*Problem details*.
Leave the pictures out and quote every line from the start of the listing to the line with "viață și culoare.", inclusive.

*Data shown*.
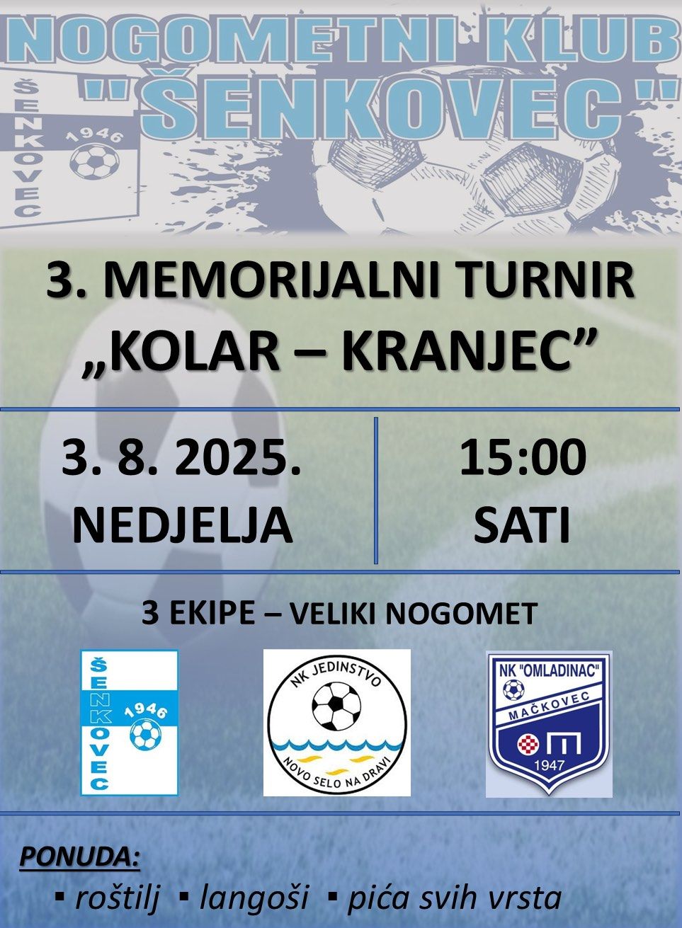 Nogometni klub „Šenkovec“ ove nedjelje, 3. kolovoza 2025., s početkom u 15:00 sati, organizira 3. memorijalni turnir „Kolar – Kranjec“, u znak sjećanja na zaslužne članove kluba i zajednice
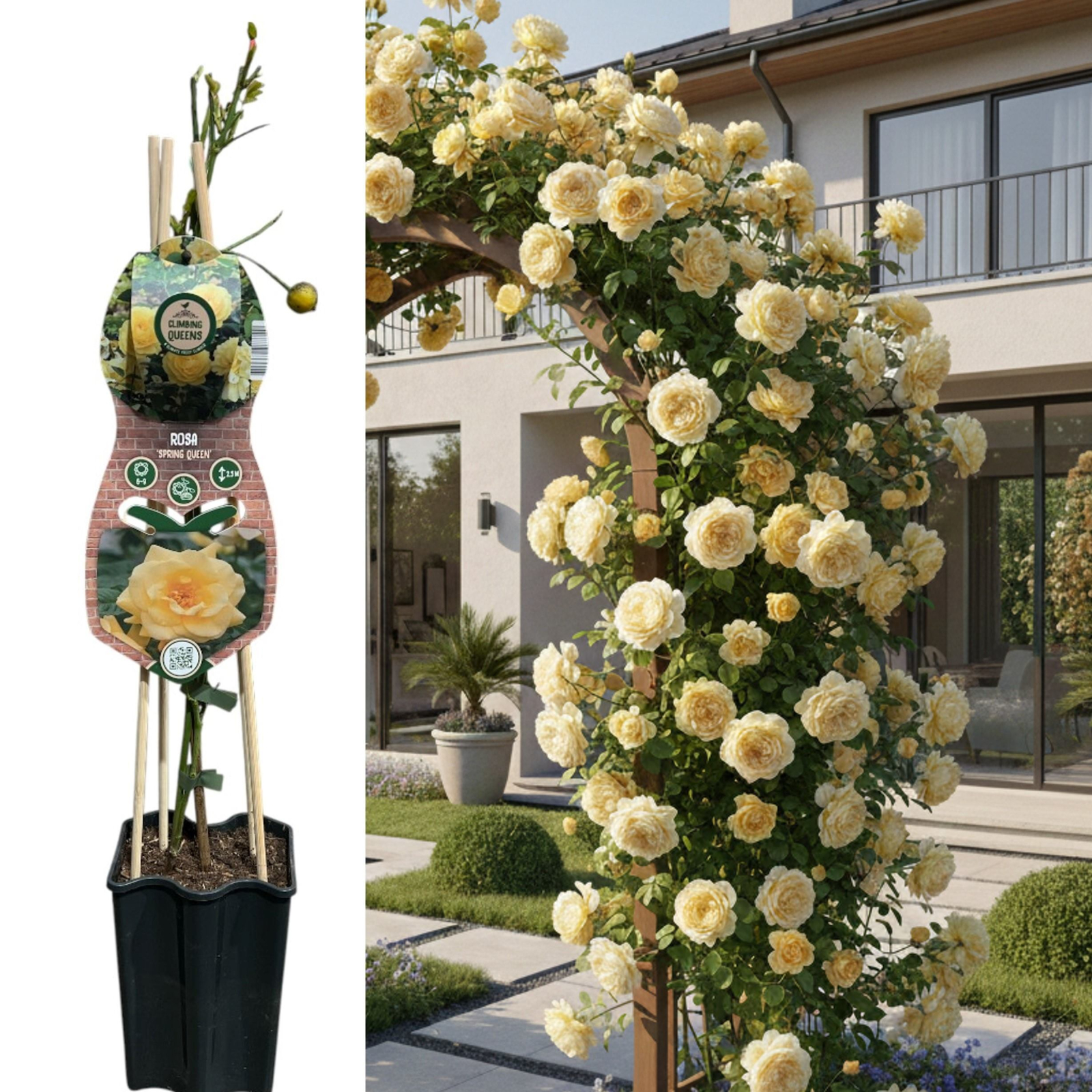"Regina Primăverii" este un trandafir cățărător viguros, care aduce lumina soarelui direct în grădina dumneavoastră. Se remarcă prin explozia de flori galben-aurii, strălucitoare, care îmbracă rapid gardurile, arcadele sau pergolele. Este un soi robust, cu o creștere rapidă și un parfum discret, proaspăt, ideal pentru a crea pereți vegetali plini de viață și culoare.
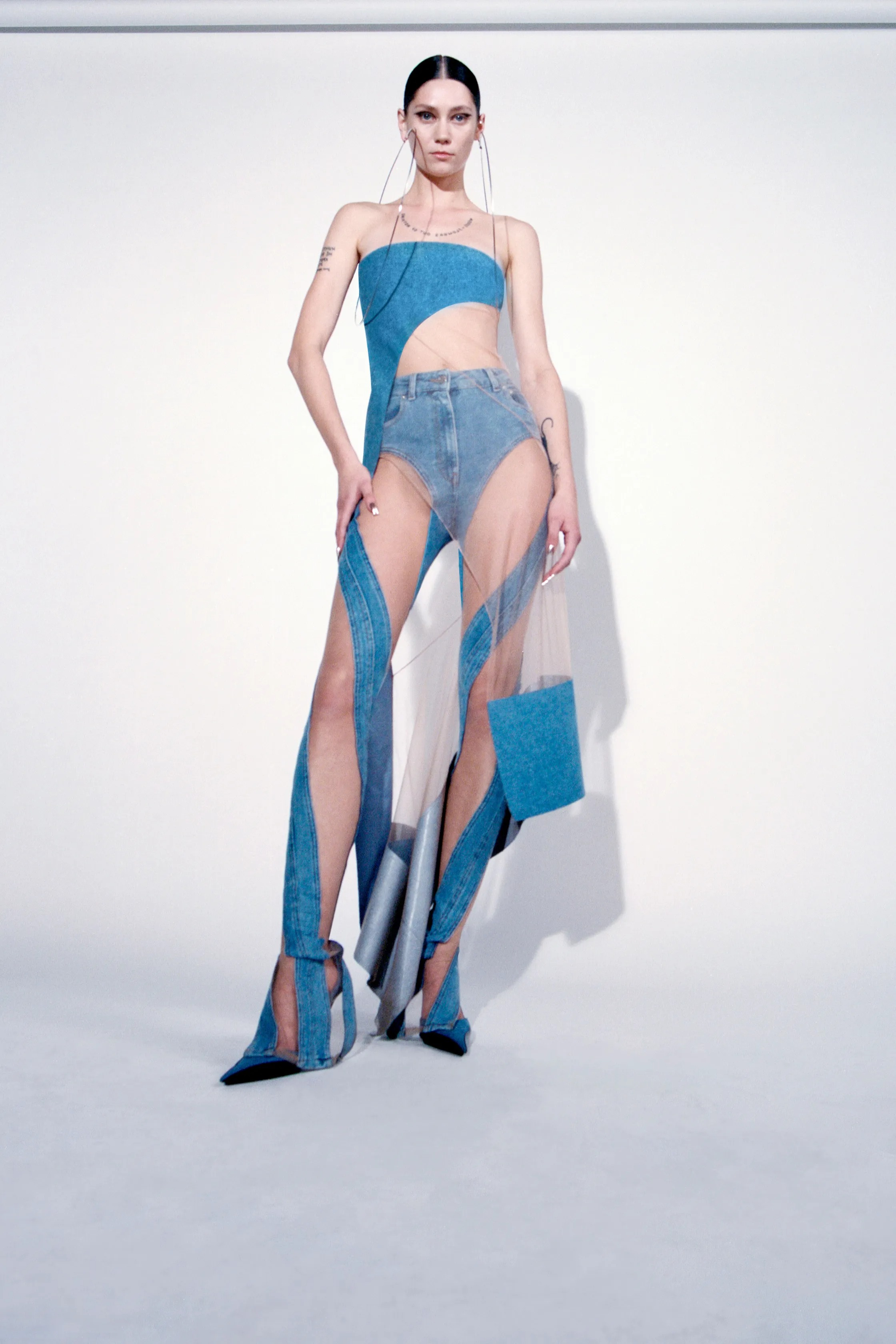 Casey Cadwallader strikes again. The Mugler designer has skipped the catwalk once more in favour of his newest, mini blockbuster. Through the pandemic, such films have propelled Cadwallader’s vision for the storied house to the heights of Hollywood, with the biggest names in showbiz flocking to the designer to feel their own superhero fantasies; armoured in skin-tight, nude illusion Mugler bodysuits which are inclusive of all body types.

*Answer area*.
 Nogometni klub „Šenkovec“ ove nedjelje, 3. kolovoza 2025., s početkom u 15:00 sati, organizira 3. memorijalni turnir „Kolar – Kranjec“, u znak sjećanja na zaslužne članove kluba i zajednice
"Regina Primăverii" este un trandafir cățărător viguros, care aduce lumina soarelui direct în grădina dumneavoastră. Se remarcă prin explozia de flori galben-aurii, strălucitoare, care îmbracă rapid gardurile, arcadele sau pergolele. Este un soi robust, cu o creștere rapidă și un parfum discret, proaspăt, ideal pentru a crea pereți vegetali plini de viață și culoare.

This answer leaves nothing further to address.